Zugleich bildet diese deutsche Historie den Hintergrund dafür, dass – auf der anderen Seite – viele, sehr viele Landsleute ihre Kritik am Staat der Juden besonders lustvoll üben. In einer Intensität, die nach Obsession aussieht. Subtext: Die da unten in ihrem Judenstaat sind auch nicht besser als unsere Großeltern, also können die ruhig mal aufhören, uns hier mit ihrer vermeintlichen moralischen Überlegenheit zu nerven. „Was der Staat Israel heute mit den Palästinensern macht, ist im Prinzip auch nichts anderes als das, was die Nazis im Dritten Reich mit den Juden gemacht haben“: Dieser dummen, falschen Aussage stimmen in Deutschland 43 Prozent der Befragten zu, wie im vergangenen Jahr eine Befragung der Bertelsmann-Stiftung ergab.

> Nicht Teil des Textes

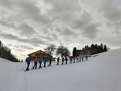 Spannend waren auch die vielen unterschiedlichen Sorten von Schnee. Von Pulverschnee bis Pappschnee und weichem Sulz war alles geboten. So konnten die Einsteiger am Sonntag einen sehr guten Eindruck bekommen, wie unterschiedlich Schneeschuhgehen sein kann.

Jüdische Deutsche sind keine Regierungsvertreter Israels. Jüdische Deutsche haften auch nicht für Israels Politik. Dennoch, jüdische Deutsche werden jetzt laufend in Haftung genommen, das haben viele von ihnen in diesem vergangenen Jahr so deutlich gespürt wie noch nie in ihrem Leben. Viele Betroffene halten noch mit Argumenten dagegen. Aber manche sind es allmählich auch leid. Von der deutsch-jüdischen Denkerin Hannah Arendt gibt es den Satz: Wer als Jude angegriffen wird, muss sich als Jude verteidigen. Unter dem Druck der Vorurteile scheinen manche diesen Satz heute für sich abzuwandeln. Etwa so: Wer als Botschafter Israels angegriffen wird, muss sich als Botschafter Israels verteidigen. […..] Einsamer geworden ist es in diesem Jahr dann in dem großen Raum zwischen all diesen zunehmend verhärteten Identitäten. Also unter jenen Menschen, die sich weiterhin zumuten, sich nicht „auf eine Seite“ zu stellen – und zu denen auch viele jüdische und arabischstämmige Menschen gehören, die angesichts ihrer Ratlosigkeit eher noch leiser geworden sind als ohnehin schon. Ein politisches Nachdenken, dessen Ergebnis schon vorab feststeht und das auch auf aktuelle Neuigkeiten nur noch in Nuancen reagiert, wäre natürlich gemütlicher. […..] Wie wenig Applaus es für solche Differenzierung gibt, das heißt: wie wenig dies innenpolitisch gewinnbringend ist, zeigt sich am Beispiel der Bundesaußenministerin Annalena Baerbock von den Grünen. Aus der sogenannten israelsolidarischen Ecke wird sie beschimpft, sie lasse Israel angeblich im Regen stehen – weil Deutschland keine Waffen mehr für Gaza-Bombardements liefert. Aus der sogenannten propalästinensischen Ecke wird sie gleichzeitig für das Gegenteil beschimpft: Sie tanze nach Israels Pfeife – weil sie nicht mit Israel bricht. Es sich in keiner Ecke bequem zu machen, ist heute vielleicht schwieriger denn je. Richtig bleibt es trotzdem.   […..]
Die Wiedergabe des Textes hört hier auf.